With over 15 government agencies now releasing procurement data to the Open Contracting Data Standard (OCDS), discussions at Open Contracting 2017 moved beyond how to publish to considering the quality of what was being released and how to maximize its use.
The OCDS schema provides a structure for what and how to publish data. Although this common structure makes it possible to compare datasets, the schema itself doesn’t say much about how complete or “good” those datasets should be.

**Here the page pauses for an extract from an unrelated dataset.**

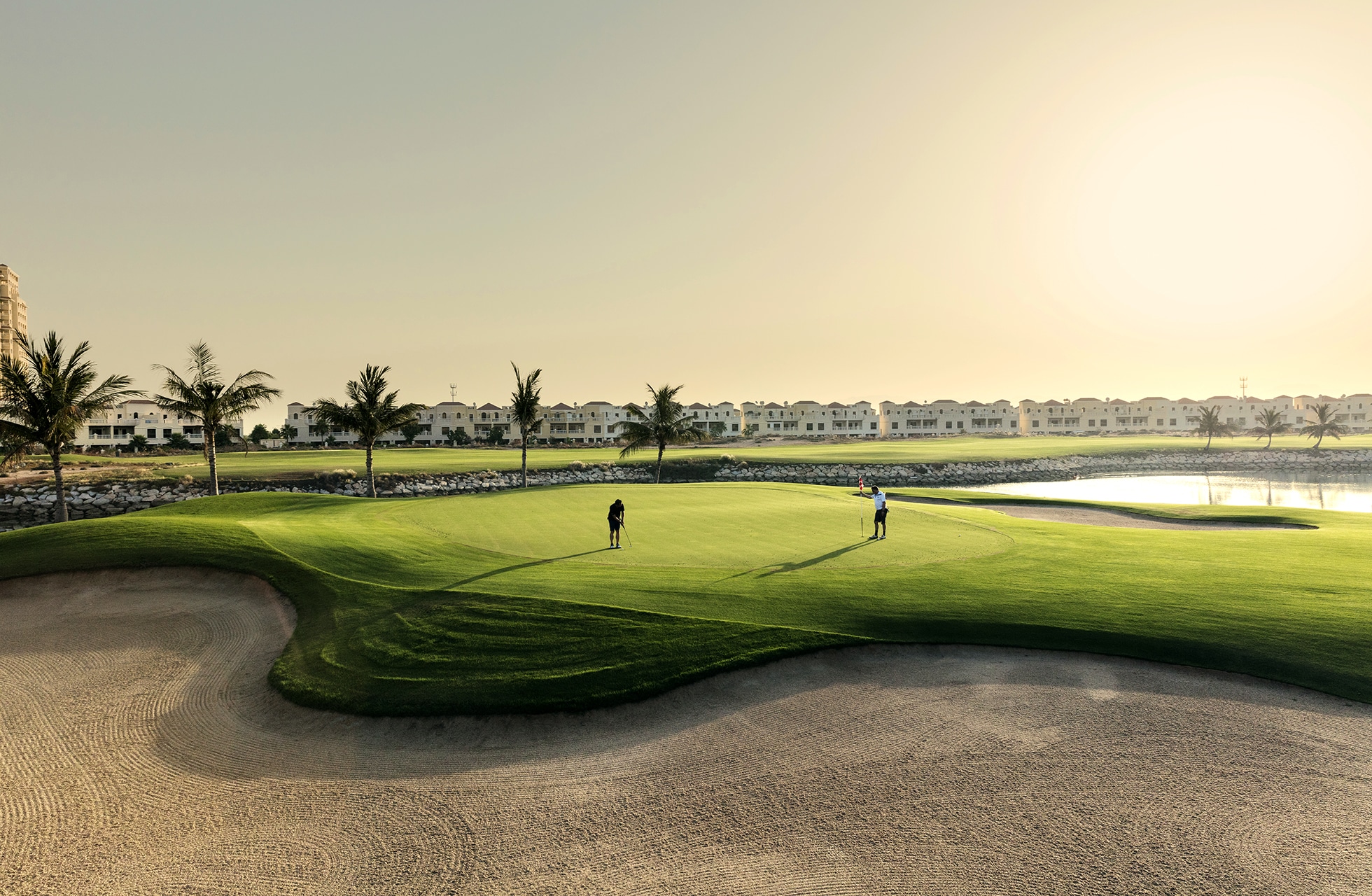 Ilta tummenee täällä nopeasti ja pidentääksesi pelejä, kenttä on varustettu valonheittimillä, jonka ansiosta golfista on mahdollisuus nauttia myös iltaisin. Valaistu osa kattaa reiät 1-7 ja 17-18, mikä antaa jännittävää vaihtelua pelkkien tähtien loisteessa pelaamiseen. Paikan bravuuri on luultavasti 18. reikä, joka on vaikea par 5., jossa on vettä oikealla ja viheriö klubitalon edessä sijaitsevan terassin lähellä. Toisen ja kolmannen reiän taustalla näkyy Waldorf Astoria -hotelli, joka muuttuu entistä vaikuttavammaksi valaistuna. Hienoja ovat myös väylät 10 -13, jotka kulkevat merialueen ympäri.

There are now many, many thousands of contracting processes published in OCDS format, allowing us to start asking questions about what the data contain. But just using the OCDS format is not enough. Data that are sparse, of poor quality, or that does not meet user needs for monitoring and measurement are not going to help an end user achieve their objectives. In the worst case, there is a risk of ‘openwashing’ – data having all the form, but none of the function, of transparency.
In a recent blog post, Jiri Skuhrovec, Datlab team member and DIGIWHIST project collaborator, put this challenge starkly:
Data can be OCDS valid without containing any information relevant to the contract.

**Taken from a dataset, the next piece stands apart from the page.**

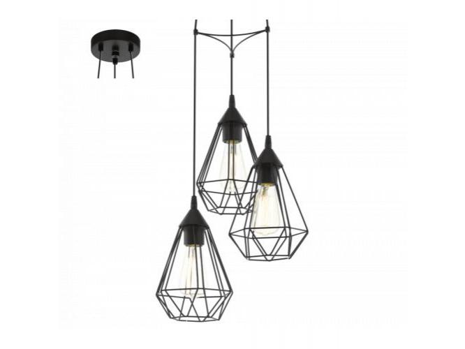 LED lámpa függeszték , mennyezeti , 3 x E27 , acél , fekete , EGLO , TARBES , 94191

Jiri proposes an approach with two pass-fail tests in order to receive an «OCDS stamp,» with additional letter grades for meeting additional criteria. The general idea of assessing OCDS data quality is one that a number of people are exploring and is really important.
The OCDS documentation contains our own early pilot model for thinking about the information and content within OCDS data, with a set of ‘publication levels’ described as ‘Basic’, ‘Intermediate’ and ‘Advanced’. These were initially introduced to help provide a step-by-step approach to data publication, recognizing that providing all the fields users might want may take a few iterations. This fits with the idea of open contracting as a journey, not a destination. As the updated implementation pages on the open contracting website try to show, making open contracting part of “business as usual” of government rather than a “bolt-on” will involve a number of cycles of learning and adaptation.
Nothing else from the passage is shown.